A better question, experts say, concerns the extent to which PA can transform business. Put another way, can predictive analytics be used as extensively and effectively in business as it is in baseball?
The short answer is no. Baseball is a game, with fairly well-defined parameters. Business is a much "fuzzier" proposition. Life has an infinite set of parameters, not all of which are understood, and some of which have yet to be identified. To model business is to model reality.
In that sense, argues Neil Raden, co-author of Smart Enough Systems: How to Deliver Competitive Advantage by Automating Hidden Decisions, business simply can't be modeled, much less made as predictable as baseball.
"In the business world, things are far more uncertain and fuzzy than [they are in] baseball. So I wouldn't be thinking about cases [in business] that defy prediction, I'd be looking at how ... organizations deal with uncertainty in their models," says Raden, a principal with information management consultancy Hired Brains Inc.
Predictive modeling makes or breaks the success of PA, but modeling is hard. The best models are those that best account for -- that most effectively manage -- uncertainty. Predictive modeling involves making choices (and sometimes guesses) about which variables you're going to model and about how you're going to understand them. Because we have a more complete understanding of the set of possible "choices" in baseball, its "reality" can be modeled -- and its uncertainty managed -- more effectively than can the "reality" of business.

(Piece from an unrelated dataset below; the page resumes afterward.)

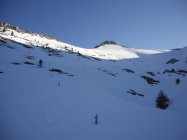 Aufstieg zum Ochsengipfel (Trittschnee) 12 Uhr Abfahrt über die Aufstiegsroute bei feinem Sulzschnee in den Hengst hinunter. Im grossen Kessel der Oberalpigle kann die perfekte Exposition gewählt werden.

It isn't a question of throwing more computing horsepower or modeling complexity at the problem, either. John MacGregor, vice president of and head of the Centre for Predictive Analytics with SAP AG, says he's built enormous models, including ensemble models with more than 5,000 variables. Even when he was working with his largest and most sophisticated models, MacGregor says, he wasn't naïve enough to believe that he was capturing reality.

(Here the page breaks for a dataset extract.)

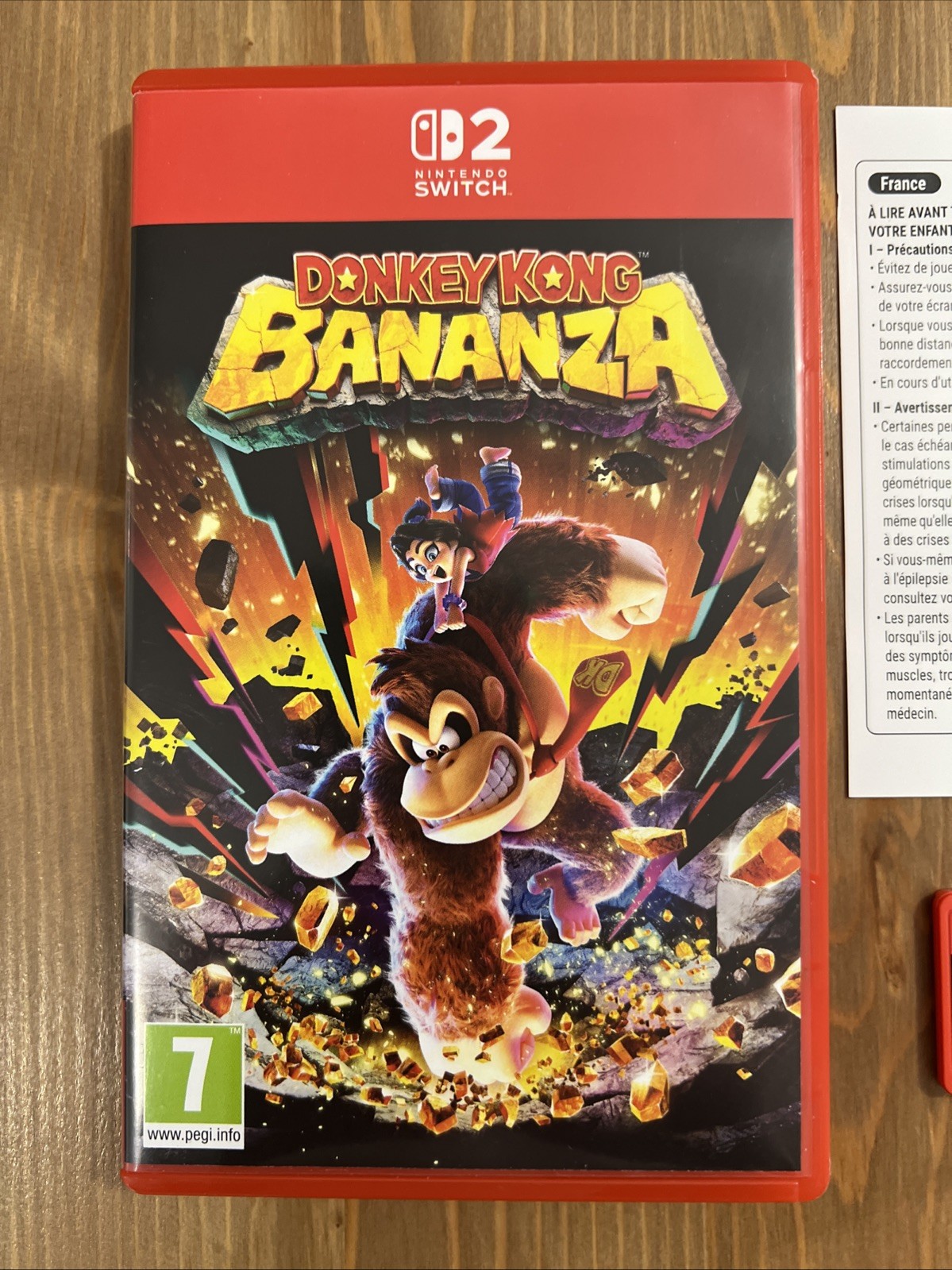 Un concentré d’action et de fun, Donkey Kong dans sa forme la plus explosive. J’ai acheté Donkey Kong Bananza dès sa sortie le 17 juillet 2025, et après plusieurs heures de jeu, je peux affirmer que c’est l’un des meilleurs titres récents de la Nintendo Switch 2. Si vous hésitez encore, voici un avis complet et objectif, avec tous les détails utiles :🎮 Gameplay : intuitif, rythmé, addictifLe gameplay est fluide et très dynamique. On retrouve un mix entre plates-formes, exploration et démolition, avec un vrai sentiment de puissance quand on incarne Donkey Kong.Vous pouvez grimper, bondir, casser des murs, arracher des éléments du décor, et même les lancer sur les ennemis.Chaque niveau propose des mécaniques nouvelles : phases de destruction, plateformes mobiles, énigmes environnementales…Le jeu est progressif dans sa difficulté : très accessible au début, puis plus corsé pour les joueurs aguerris. Parfait pour tous les âges à partir de 7 ans.👨👩👧👦 Multijoueur : convivial et bien penséLe mode coopératif local est un vrai plus ! Vous pouvez jouer à 2 en même temps sur la même console, chacun avec un Joy-Con. Idéal pour partager de bons moments en famille ou entre amis.Il y a également des défis chronométrés en duo, avec des classements, ce qui apporte de la rejouabilité.🌍 Ambiance et graphismesLe style visuel est très cartoon, riche en couleurs et en animations. L’environnement est ultra-vivant : jungle tropicale, mines, plages volcaniques, temples anciens, etc.Chaque monde a sa propre ambiance et des musiques énergiques, avec des remix modernes de thèmes classiques de Donkey Kong, un réel plaisir pour les fans nostalgiques.🍌 Durée de vie et contenuEnviron 10 à 15 heures pour terminer l’histoire principale.De nombreux collectibles cachés dans chaque niveau (bananes dorées, objets secrets).Des défis secondaires et niveaux bonus bien corsés, pour ceux qui aiment tout compléter à 100 %.✅ Points forts :Action ultra-fluide et funUnivers riche et bourré de surprisesMode coop local très bien intégréTrès bonne durée de vie pour un jeu de plateformeOptimisé pour la Switch 2 (zéro ralentissement)⚠️ À savoir :– Pas de mode en ligne pour le moment– Peut être trop facile pour les joueurs très expérimentés, sauf en mode expert💬 Conclusion :Donkey Kong Bananza est un excellent jeu d’action-plateforme, accessible, mais profond, avec une ambiance explosive et une vraie personnalité. Il s’adresse autant aux enfants qu’aux adultes fans de la licence. Si vous avez une Switch 2 et que vous aimez les jeux dynamiques, foncez les yeux fermés !

Something -- a hidden or as-yet-unknown variable of some kind -- would always be missing, says MacGregor. "If you're trying to predict which customers will churn and which customers will stay, you can collect lots of variables and you can [collect data] from millions of customers," he comments. "But if the reason your customers are leaving is that someone has just brought out a new product [that's just much better than] your own [product], and you don't have something in the data or the algorithms that can account for this, you're going to miss it."
Hiccups
This is true even in baseball, where -- in spite of its comparatively fixed parameters -- hiccups nonetheless do occur.
The best known Moneyball hiccup is San Francisco Giants pitcher Matt Cain. Moneyball -- or "sabermetrics," as it's known to baseball stat-heads -- doesn't completely miss Cain; it simply fails to account for his greatness. Prior to this season, in fact, Cain used routinely to confound sabermetricians, who projected him as a better-than-average major league pitcher.
Although Moneyball rated Cain a good pitcher, it didn't consider him elite. The Giants think Cain's elite, however. If nothing else, they're paying him at an elite level: Cain's new $22 million contract makes him one of the five highest-paid hurlers in the game.
Industry veteran Mark Madsen, a principal with consultancy Third Nature Inc., says an example such as Cain's helps illustrate an important lesson about the limits of predictive analytics.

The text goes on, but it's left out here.